A source at Emirates confirms that aircraft on Sri Lanka operations are ‘tankering’ – the technical term used to signify an aircraft carrying enough fuel for the return journey. Emirates is the second largest inbound and outbound carrier in Sri Lanka after national carrier SriLankan Airlines.
While larger aircraft can afford to ‘tanker’, smaller ones without large tanks must refuel or top-up in Colombo, which the source said is now a “nightmare”.
Dimuthu Tennakoon, president, Board of Airline Representatives (BAR), said SriLankan Airlines services from Indian airports are choosing to refuel there.
Sri Lanka’s resource crisis has impacted travel confidence, with travel advisories against travel to the country emerging the past week. As a result, passenger loads have plunged.
According to the Emirates source, flights from Dubai to Colombo were carrying just 100 passengers and 75 on the return. The airline has reduced its operations from five to twice daily.

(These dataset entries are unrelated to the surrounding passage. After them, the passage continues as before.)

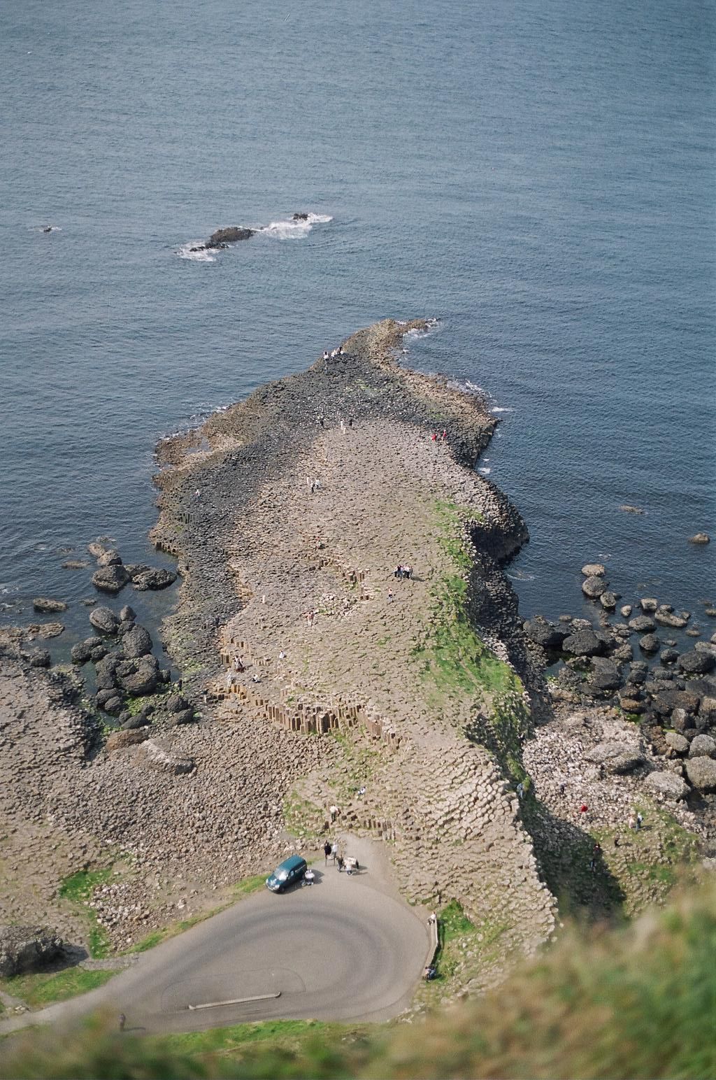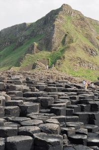 I took these photos when we visited the “Giant’s Causeway” in County Antrim, N. Ireland. It is one of those natural phenomena that you read about, but words can not really explain its beauty. Its magnificence has to be experienced, and you can only begin to see it when you stand at the top of the cliff (right) and then hike down to the the bottom (below) of this huge basalt stone formation.
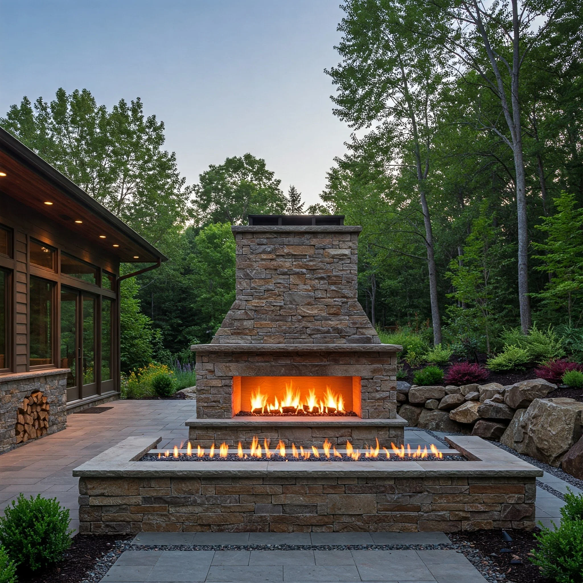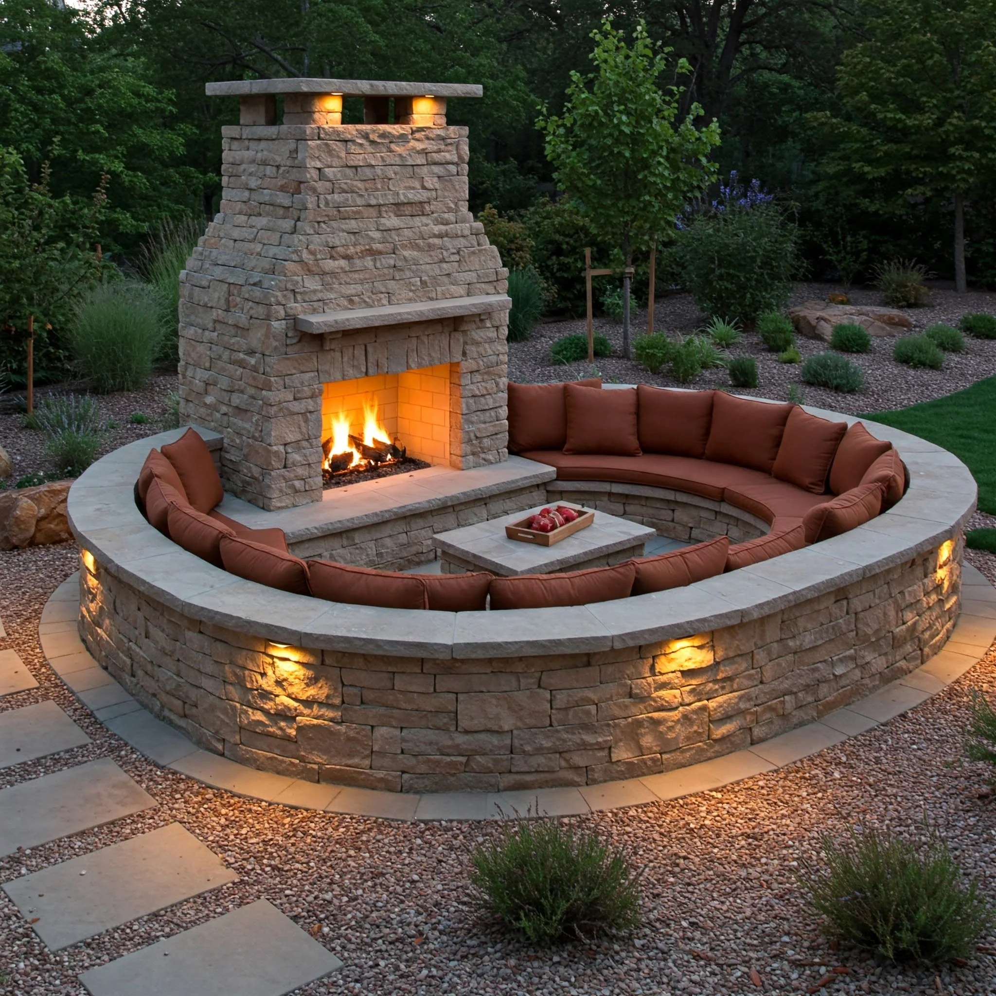 Step into a design where your stone fireplace seems to stretch into the horizon, seamlessly blending with the surrounding landscape in a style known as infinity stone fireplaces. This innovative approach eliminates hard edges, creating a soft transition between the structure and nature. Every stone is laid with precision to form curves and gradients that merge with your garden’s contours, giving the illusion that the fireplace is part of the natural terrain. The effect is mesmerizing, as if your outdoor space has been touched by the magic of nature itself. The warm glow of the fire complements the gentle backdrop of trees and hills, inviting you to lose yourself in the enchanting interplay of light and shadow. This design not only elevates the aesthetic appeal of your backyard but also creates a serene atmosphere that encourages relaxation and reflection, making every evening feel like a quiet escape into nature.
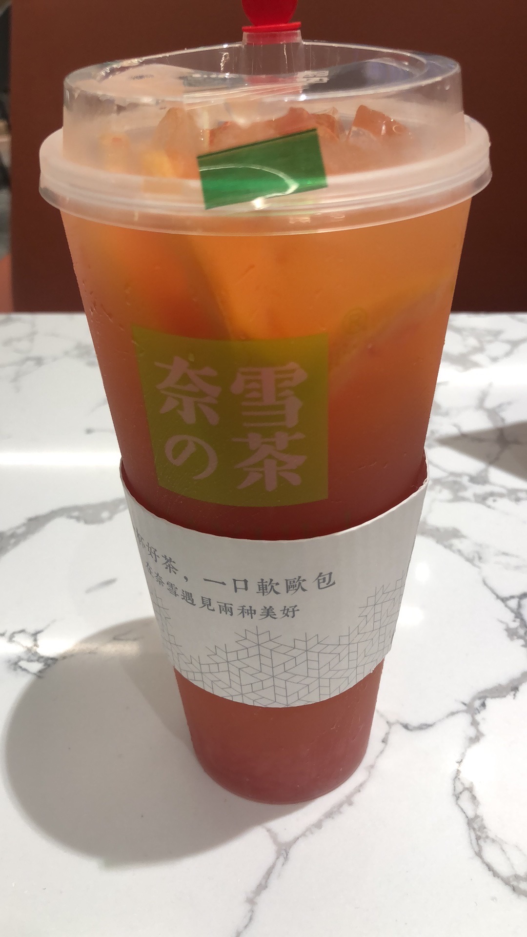 网友2019-10-19吃完火锅必须来一杯奶茶啊,一边叫着减肥,一边奶茶愉快的一杯接一杯,为了心里少点愧疚感,芝士不要...吃完火锅必须来一杯奶茶啊,一边叫着减肥,一边奶茶愉快的一杯接一杯,为了心里少点愧疚感,芝士不要了,糖少一点,来了杯霸气西柚,22元,跟某茶味道差不多,价格便宜了3块,水果茶果然还是要甜的才好喝!
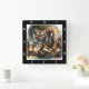 Find native calm, tiger's presence forest dawn. This timepiece welcomes a new day with tranquility. Welcome dawn's light of tranquility with this enchanting timepiece, where the still pond spirit reveals every detail. Witness the profound connection between a young, beautiful Native Indian woman and a powerful Bengal tiger, their stillness a reflection of nature's quiet strength. Willow leaves rustle gently in the morning breeze, while the warm glow of a campfire paints a comforting scene on their rocky perch. A serene pond reflects the ethereal beauty of their shared moment, carrying the subtle scent of morning mist and damp earth. Feel the tranquil magic of a timeless scene, and express your soul with our Design Tool. Personalize the numerals and hands to create a personal sanctuary, a haven of peace in any room.
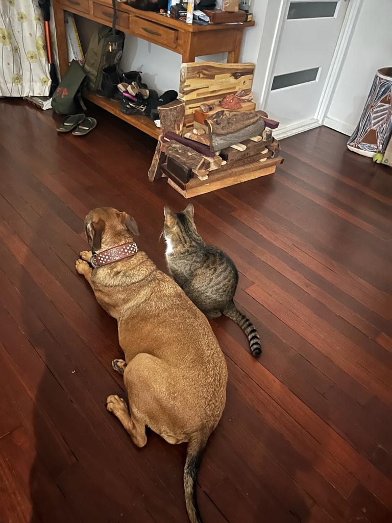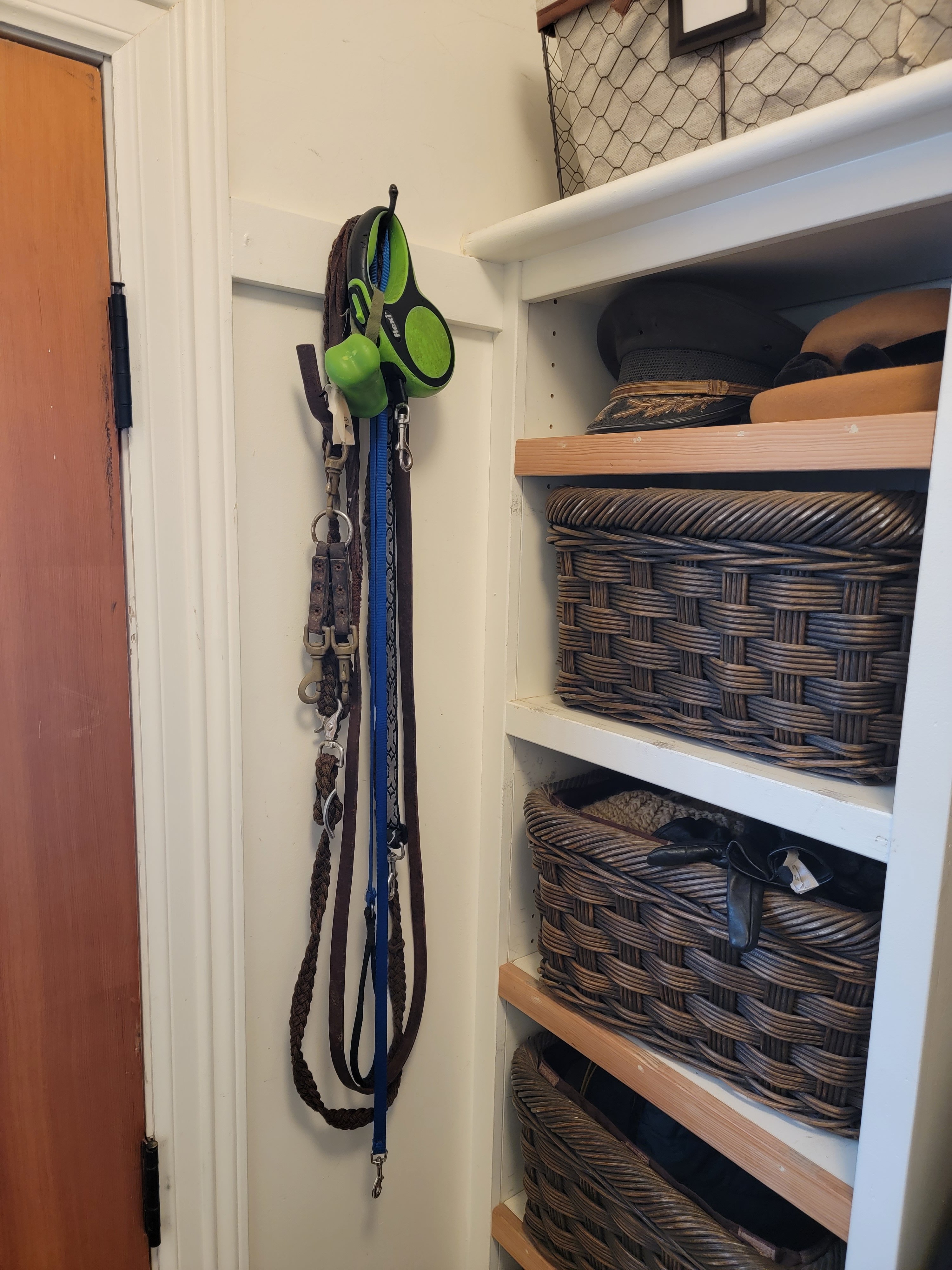 It helps. Leashes from our three previous dogs with one for the living.
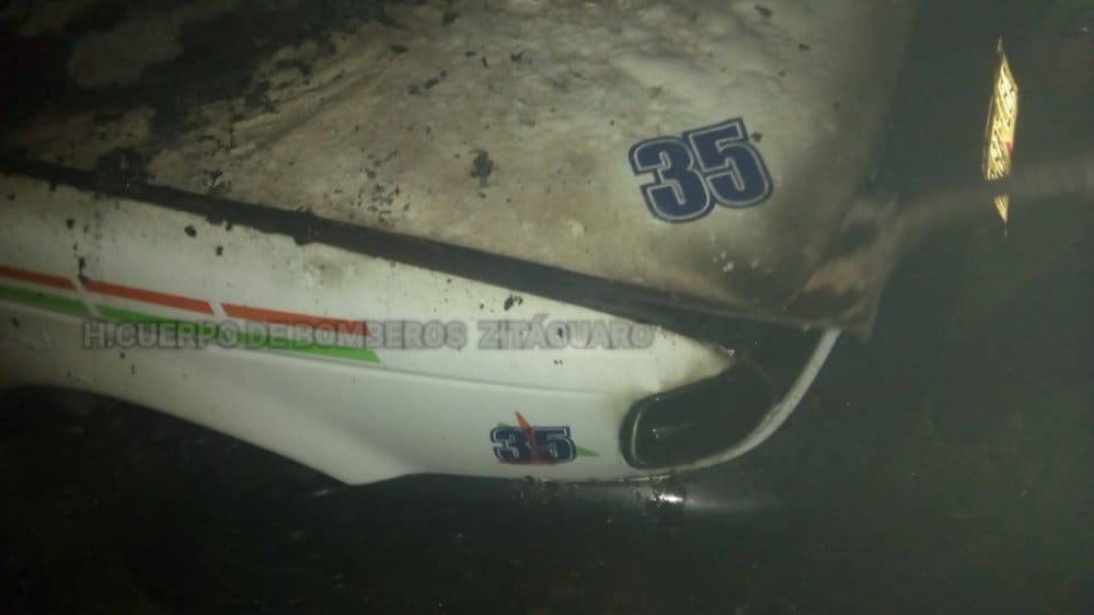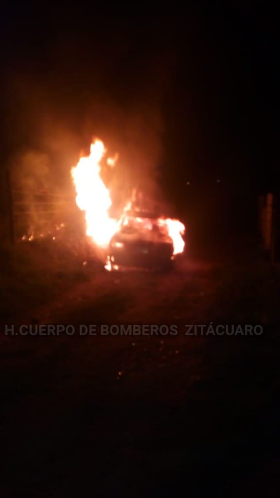 Zitácuaro Michoacán. Bomberos reportó que en la tenencia de San Miguel Chichimequillas se incendió un vehículo Nissan tipo Tsuru del servicio público de la línea Mega Plus, con número económico 35.
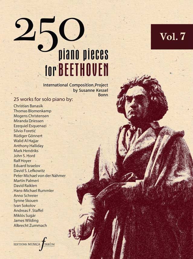 The seventh volume of the '250 piano pieces for Beethoven' project, initiated and organised by Susanne Kessel, in Bonn. Containing 25 out of the 250 total works to be composed for this project and offering a new view on the works, the life and the philosophy of Ludwig van Beethoven, this 192 page score is a monumental seventh volume to inspire and offer back to the audience. Preface and explanation of the project in English and German. Essay and analytical notes on each work by Prof. Rainer Nonnenmann in English and German. Biographies and program notes by the composers in English.
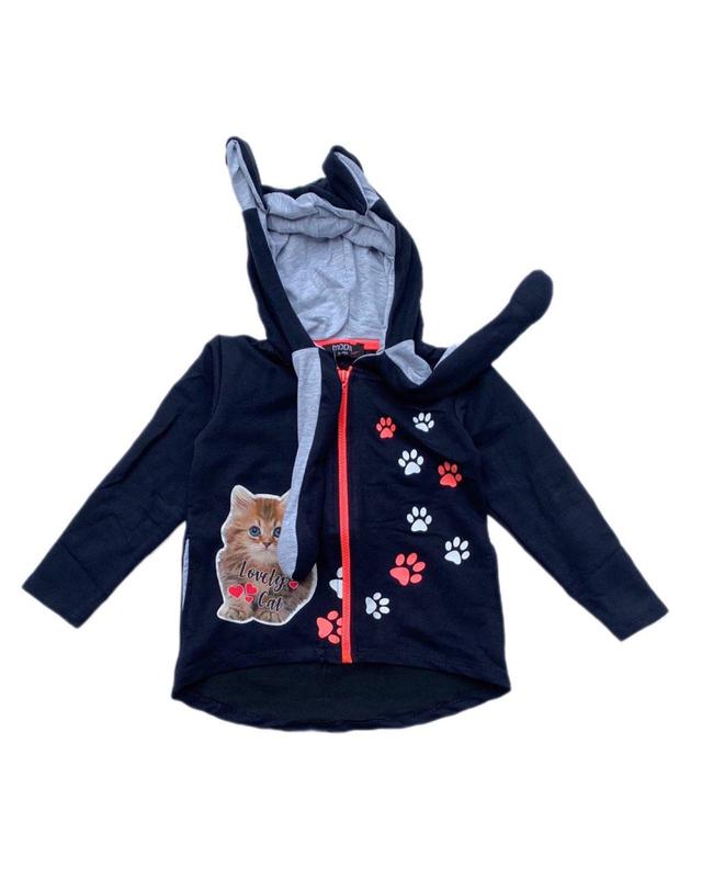 Интересная новинка для девочек. Кофта на молнии в темно синем цвете с рисунком коттеятка. Особенность кофты в том, что у нее при накачке поднимаются ушки.Стильно и не привычно!
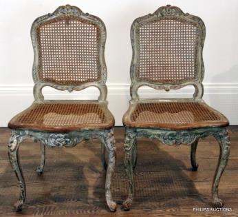 A PAIR OF LOUIS XV-STYLE PAINTED ELM AND CANE CHAIRS
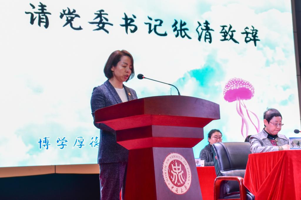 在激昂的国歌声中,开学典礼正式开始。院党委书记张清献上致辞,张书记对2020级新生的“姗姗来迟”表示热烈的欢迎,她表示,新生们的到来印证了中国抗击疫情取得的伟大胜利,也足以为各位注入信心,在未来的日子肩负复兴重任,祖国共频共振。张书记还表示,明年适逢学校80周年校庆,拥有悠久历史的中北校园,将为各位提供展示自己的舞台,希望全体机械学子传承太行精神,共同谱写崭新篇章。
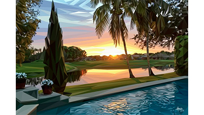 En este escenario internacional destaca la presencia del artista venezolano Alejandro Chávez, cuya obra explora con rigor y sensibilidad la relación entre luz, color y percepción. Radicado en Brookline, Massachusetts, Chávez presenta una propuesta visual basada en la descomposición geométrica del paisaje, donde cientos de triángulos articulan escenas que vibran según la mirada del espectador.
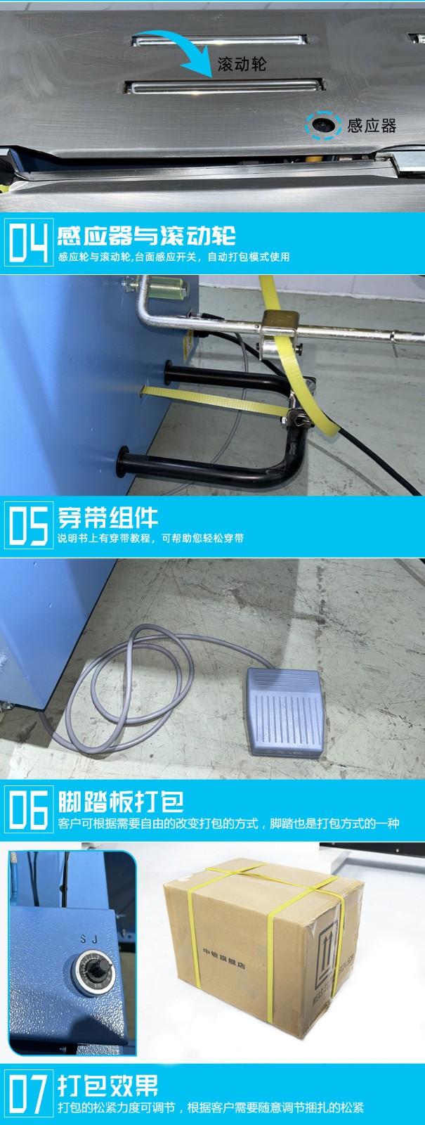 - 半自動打包機(jī):結(jié)構(gòu)相對簡單,價格較為便宜,適合預(yù)算有限、打包量不大的用戶。不過,由于需要人工參與部分操作,長期來看,人工成本可能相對較高。
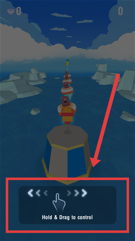 2、來到游戲場景面對水上的角色與平臺,按住下方控制區(qū)域拖動,調(diào)整角色移動方向與路徑。
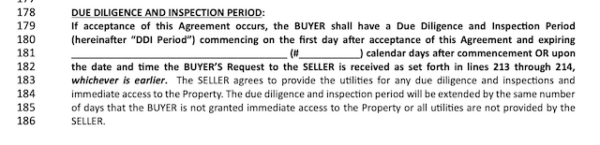 NOTE: If the buyer is dissatisfied with the inspection results but fails to either provide the seller with a list of deficiencies or cancel the contract in writing within the due diligence period, then they will have effectively accepted the property in its current condition. The seller is not required to make any repairs other than those agreed upon in writing.
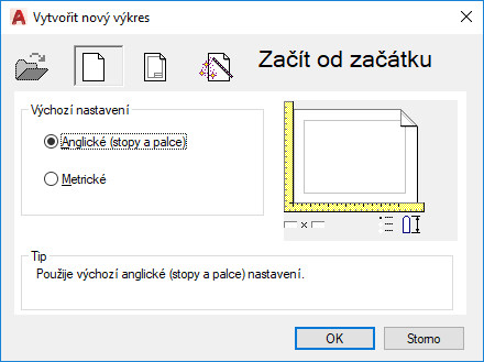 Možnost Začít od začátku vytvoří nový výkres s použitím standardního nastavení anglického nebo metrického systému jednotek. Možnost Použít šablonu vytvoří nový výkres s použitím nastavení definovaného pro výkresovou šablonu, kterou vyberete. Možnost Použít průvodce vytvoří nový výkres s použitím nastavení, které určíte buď pomocí rychlého nebo rozšířeného nastavení. (První možnost, Otevřít výkres, není k dispozici v rámci příkazu NOVÝ. Pro otevření existujícího výkresu použijte příkaz OTEVŘI.)

Qatar has done the same, cutting five daily services to three, while Singapore Airlines is now operating just one daily service instead of two.
Aviation industry officials have requested that the authorities allow airlines to pay their fuel bill direct to the overseas supplier – through the state-owned Ceylon Petroleum Corporation, the country’s main fuel importer – to overcome the foreign currency shortage. They are currently waiting for a response.
Tourist arrivals to Sri Lanka stand at 62,980 in April 2022, compared to 106,500 in March, owing to the economic crisis as well as the off-season period.